# Texas...UFO CUBE coming through a time portal???



## Vigilante

More than one video of this...interesting!


----------



## SassyIrishLass

There is a video of an object over taking a jet @ JFK. I forget the site but it was interesting. You can probably Google UFO/Virgin Atlantic/JFK


----------



## Toddsterpatriot

Borg.


----------



## TheOldSchool

Clearly Obama's up to something...


----------



## Stephanie

I watch a lot of the shows on television about their research on UFO's where they go all over the world.... and they still believe this government is hiding the truth about them from us.


----------



## Freewill

Where is the mainline news report on this?

Aerodynamically could there be anything less efficient then a cube?

Could be a box caught up in a updraft.  No sense of size.

I once took a walk near some cliffs and I noticed something in the air coming down to the ground and it was a box, next thing I know it is 100s of feet in the air again.  Don't know how long it did that, had to get back to work.


----------



## Freewill

Stephanie said:


> I watch a lot of the shows on television about their research on UFO's where they go all over the world.... and they still believe this government is hiding the truth about them from us.



Of course they do.  They also tell of men in black.  What good is having a good story if the government isn't trying to stop it?

The real truth is, we may be all alone.


----------



## Gracie

We are not alone, but visitors damn sure don't visit in a box. Advanced civilizations would know boxes don't fly very well.


----------



## Toddsterpatriot

Gracie said:


> We are not alone, but visitors damn sure don't visit in a box. Advanced civilizations would know boxes don't fly very well.



Resistance is futile.


----------



## Freewill

Gracie said:


> We are not alone, but visitors damn sure don't visit in a box. Advanced civilizations would know boxes don't fly very well.

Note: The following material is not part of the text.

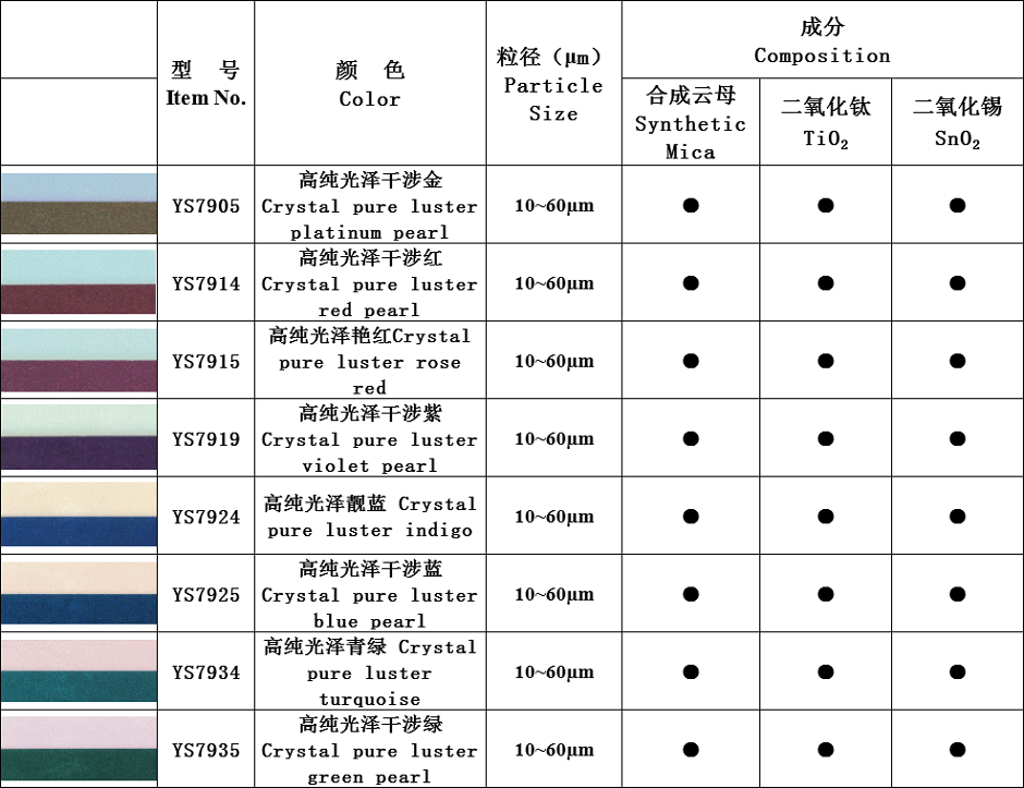 水晶珠光颜料系列:本系列产品以精选人工合成云母为基材,通过精准控制不同金属氧化物的包覆厚度从而产生闪烁夺目,璀璨亮丽的珠光效果。产品包括:水晶超白系列、水晶虹彩系列,水晶金色系列、水晶金属系列、水晶彩色系列、水晶高光系列等。
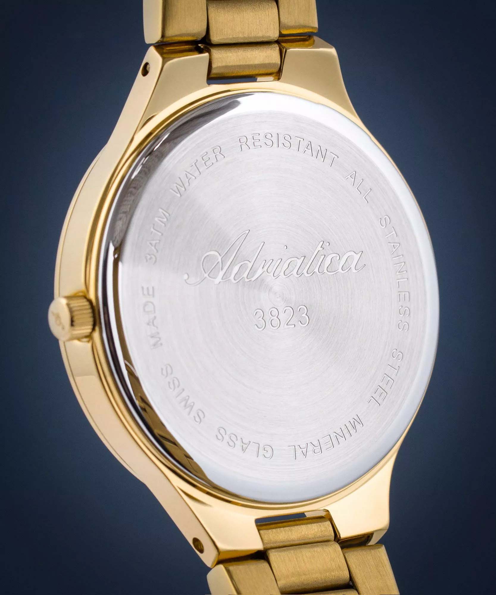 Женские кварцевые часы Adriatica A3823.1163Q — это элегантный аксессуар швейцарского производства с корпусом круглой формы, выполненным из нержавеющей стали с PVD-покрытиемPVDУльтратонкое покрытие наносится в технике вакуумного напыления, сочетает в себе нитрид титана особой прочности со слоем золота или оксида хрома. Несёт в себе декоративную или защитную функцию. в цвете жёлтое золото. Циферблат серебристого цвета оформлен с эффектом «солнечных лучей» (Sunray), дополнен центральной секундной стрелкой. Защиту обеспечивает минеральное стеклоМинеральное стеклоМинеральное стекло представляет собой искусственно выращенный минерал кварца. Такое стекло отличается особой устойчивостью к повреждениям и царапинам. Уступает по некоторым качествам сапфировому стеклу.. Браслет из нержавеющей стали с PVD-покрытиемPVDУльтратонкое покрытие наносится в технике вакуумного напыления, сочетает в себе нитрид титана особой прочности со слоем золота или оксида хрома. Несёт в себе декоративную или защитную функцию. фиксируется на раскладной застёжкеРаскладная застёжкаТакой тип застёжки используется только на браслетах из металла. Она никогда не раскрывается полностью, происходит разделение на 2 и более частей. Раскладывающая застёжка снизит вероятность потери часов к минимуму.. Водонепроницаемость 30 метров, позволит защитить корпус от случайных брызг или капель дождя.

What is your best evidence that we are not alone?


----------



## TheOldSchool

Funniest thing I've heard someone ask about a new President... how long does he wait to ask if anything's been covered up about aliens?


----------



## defcon4

TheOldSchool said:


> Funniest thing I've heard someone ask about a new President... how long does he wait to ask if anything's been covered up about aliens?


" recently departed White House adviser John Podesta.
“Finally, my biggest failure of 2014: Once again not securing the #disclosure of the UFO files. #thetruthisstilloutthere,”he tweeted on Friday, his last day in the White House.""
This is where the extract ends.